> _Exercise requirements_
An exact copy is needed of the lines in the entries below from the line with "2025년 3월 11일, 테슬라(Tesla)" up to and including the line with "石道金院长代表全院师生对校领", and of nothing else. Leave the pictures out.

Source data
§
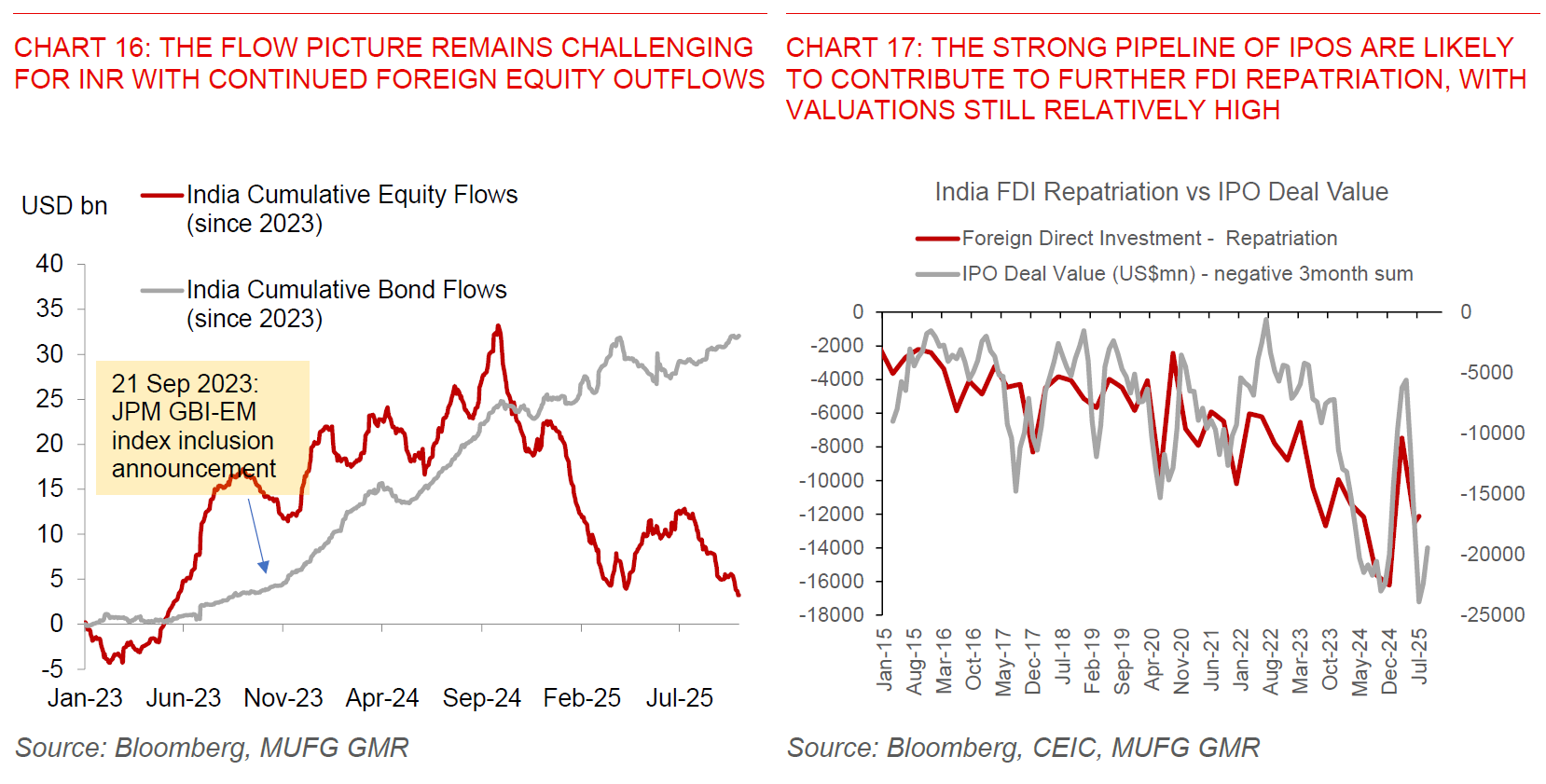 In the broader context of these push and pull factors, the flow picture for INR has not been too supportive, and as such we think managed INR weakness and underperformance continues to make sense. We have continued to see foreign equity outflows, higher FDI repatriation driven in part by a still strong pipeline of IPO listings, coupled with an expectation of a wider current account deficit from weaker exports, softer remittances, and a slowdown in IT services exports.
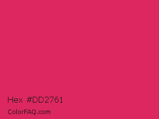 Hex #dd2761 Color is a normal rose color and the nearest color is Cerise Red #de3163. Hex code #dd2761 and RGB value is rgb(221,39,97). In RGB color space, this color is composed of 87% red, 15% green, 38% blue, In CMYK color space, this color is composed of 0% cyan, 82% magenta, 56% yellow , 13% black , In HSL color space, this color has a hue angle of 341° , 73% saturation and 51% lightness.
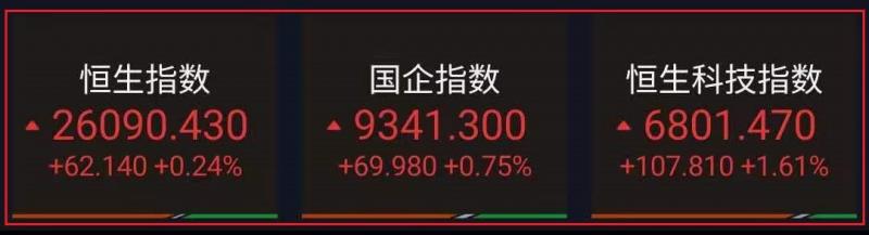 昨日回顾: 1.恒指早市先高开175点至26203点,其后曾略作整固而轻回至26151点。惟在腾讯(700)、美团点评(3690)及阿里巴巴(9988)等主要恒指成份股做好带动下,市势卒再进一步推上。港股高开后涨幅缩窄,截至收盘,恒生指数涨0.24%,报26090.43点,国企指数涨0.75%,红筹指数涨0.89%; 2.恒生
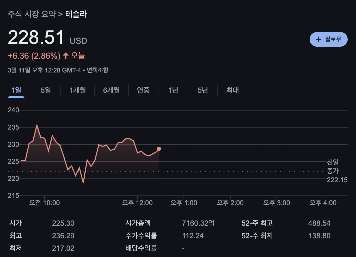 2025년 3월 11일, 테슬라(Tesla) 주가가 하루 만에 16.22% 폭락하며 시장에 충격을 주었다. 이는 2020년 9월 이후 최대 낙폭이며, 하루 만에 시가총액 약 1303억 달러(약 190조 원)가 증발하는 사태가 벌어졌다.
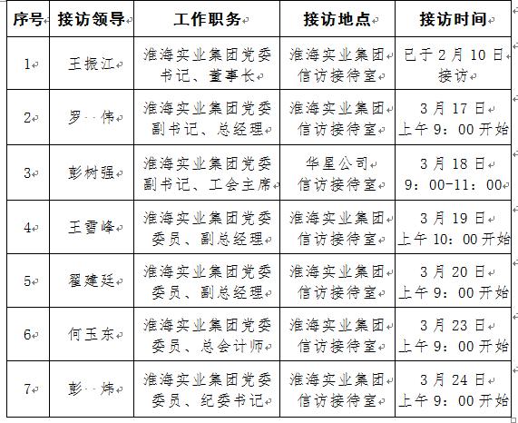 根據(jù)工作安排,現(xiàn)就淮海實(shí)業(yè)集團(tuán)黨委領(lǐng)導(dǎo)班子成員2026年一季度接待職工群眾來(lái)訪安排公示如下:
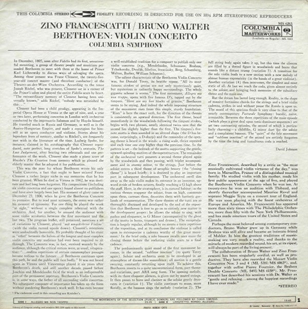 Zino Francescatti ‧ Bruno Walter, Ludwig van Beethoven, Columbia Symphony Orchestra - Violin Concerto (LP, RP)
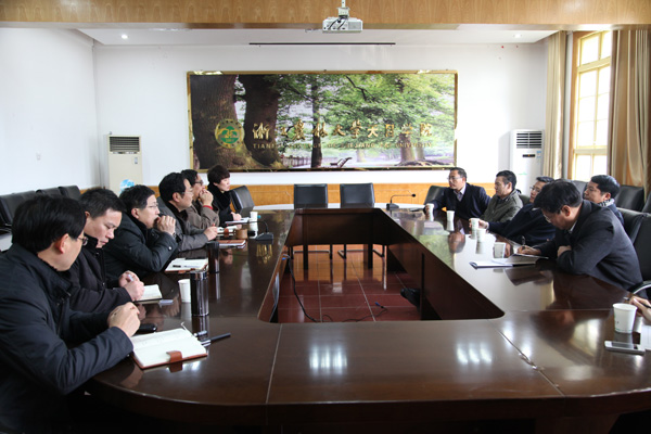 石道金院长代表全院师生对校领导的关怀表示衷心的感谢,汇报了学院迁址诸暨办学工作安排的整体思路。
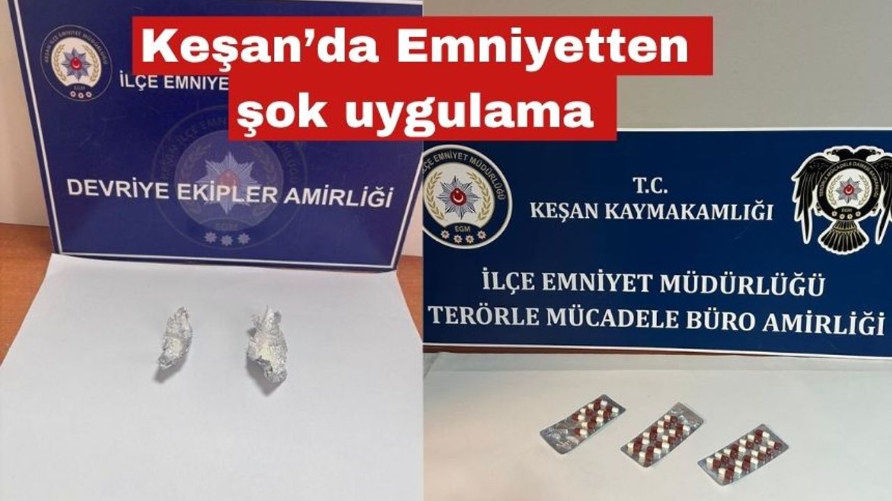 Keşan İlçe Emniyet Müdürlüğü ekipleri tarafından 22 Ekim 2025 tarihinde 11:00-17:00 saatleri arasında gerçekleştirilen şok uygulamalarda çeşitli suçlardan aranan şahıslar yakalanırken, uyuşturucu madde ele geçirildi.
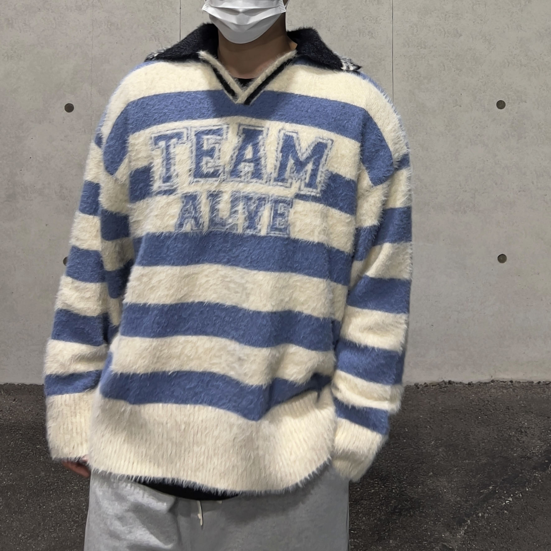 top - rugby collar knit (blue)
§
> _Exercise response_
 2025년 3월 11일, 테슬라(Tesla) 주가가 하루 만에 16.22% 폭락하며 시장에 충격을 주었다. 이는 2020년 9월 이후 최대 낙폭이며, 하루 만에 시가총액 약 1303억 달러(약 190조 원)가 증발하는 사태가 벌어졌다.
 根據(jù)工作安排,現(xiàn)就淮海實(shí)業(yè)集團(tuán)黨委領(lǐng)導(dǎo)班子成員2026年一季度接待職工群眾來(lái)訪安排公示如下:
 Zino Francescatti ‧ Bruno Walter, Ludwig van Beethoven, Columbia Symphony Orchestra - Violin Concerto (LP, RP)
 石道金院长代表全院师生对校领导的关怀表示衷心的感谢,汇报了学院迁址诸暨办学工作安排的整体思路。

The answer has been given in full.